Дед Пеха поднялся с колен, поправил на голове колпак и зачастил, прижимая руки к груди и брызгая слюной из беззубого рта:

– Како ж то!.. То ж мы!.. Свенушка, мы-то, мы-то чо ж? Воля батюшки! Явил – не побрезговал! Чо ты, Свенушка? Сполним, все сполним – не гневись тока! Внял-услышал тя Перун-батюшка! Князь, истинный князь! Принял, принял батюшка слово твое, как есть – принял! С ныне мы в воле твоей – чо повелишь, все сполним, не гневись тока!

– Уймись, старый, – выдохнул Свен и отпустил черен меча, так и не заголив оружие. – То – пустое все… Прибрал бог сыночка… Сколь лет пестовал… Пока-то другой вырастет…

Вар-ка чувствовал, как старый воин стремительно уходит от мира – то ли погружается в шок, то ли просто в себя. Его хватило на короткий всплеск, чтобы рыкнуть на дедов, и… пустота.

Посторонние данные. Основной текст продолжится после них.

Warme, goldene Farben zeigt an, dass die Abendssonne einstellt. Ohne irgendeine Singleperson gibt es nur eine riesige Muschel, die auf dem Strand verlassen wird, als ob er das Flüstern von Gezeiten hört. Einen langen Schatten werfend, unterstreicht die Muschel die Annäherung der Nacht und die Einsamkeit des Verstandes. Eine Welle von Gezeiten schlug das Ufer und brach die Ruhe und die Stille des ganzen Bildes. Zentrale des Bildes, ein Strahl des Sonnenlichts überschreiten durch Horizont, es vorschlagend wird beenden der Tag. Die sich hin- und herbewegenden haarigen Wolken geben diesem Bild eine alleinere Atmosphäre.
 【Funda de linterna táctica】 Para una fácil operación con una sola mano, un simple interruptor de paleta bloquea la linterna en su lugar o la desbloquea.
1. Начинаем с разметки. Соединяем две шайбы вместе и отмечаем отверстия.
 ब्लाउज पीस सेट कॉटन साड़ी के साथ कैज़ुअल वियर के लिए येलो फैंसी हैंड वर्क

Сзади раздалось сопение и треск ломающихся веток. Вар-ка оглянулся – через кусты напрямик ломился Николай. Свен тоже посмотрел в его сторону, но, кажется, не увидел и отвернулся. Он шагнул к терпеливо ожидавшему коню и стал вынимать из седельной сумы Лютины доспехи. Потом опустился на колени и начал обряжать мертвого. Он действовал неумело, неловко, но помощи не просил.

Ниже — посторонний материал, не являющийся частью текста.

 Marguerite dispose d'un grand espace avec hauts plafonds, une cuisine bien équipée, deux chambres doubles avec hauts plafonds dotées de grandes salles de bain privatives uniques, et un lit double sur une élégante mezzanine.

– Ч-черт, не успел! – с трудом переводя дыхание и вытирая пот, прошептал Николай. – Понимаешь: идет и идет, вроде и не быстро, а никак не догнать! А тут еще пожог этот – коряги торчат! Думал, сдохну…

– Тише! Это ты его?

– Ты что?! Хотя… Я бы с удовольствием! Мужик это… Он там недалеко от нас тоже деревья рубил. Меня Лютя к нему подогнал и стал над ним издеваться – спрашивать, человек он или червяк. А если он человек, то не хочет ли с ним сразиться?

– Бить начал?

– Ну да – плетью… Мужик-то в одной рубахе работал. А Лютя… Ты же знаешь: он как первую кровь увидит, уже остановиться не может.

– Представляю!

– Мужик уже и кричать перестал, только голову руками прикрывает. Честно скажу: собрался я уже Лютю того… Но не успел. Из кустов пацан выскочил – Ганька наш. Люте в ногу вцепился и орет: оставь дядьку, меня бей! Ну, тот, конечно, обрадовался… Короче, пока Лютя Ганьке шею сворачивал, мужик очухался и за топор. Засадил ему в спину, а сам на землю сел и ревет. Я к нему, а он бред какой-то несет: дед, мол, накажет, не велено было! Я так ничего и не понял, но подумал, что надо хоть Лютю прибрать, чтоб нашли не сразу. Все равно найдут, но, может, успеем что-нибудь придумать. Только он как-то так раскорячился и с седла не падает. Я к нему, а конь не подпускает, уходит. Так и не догнал. А здесь что такое?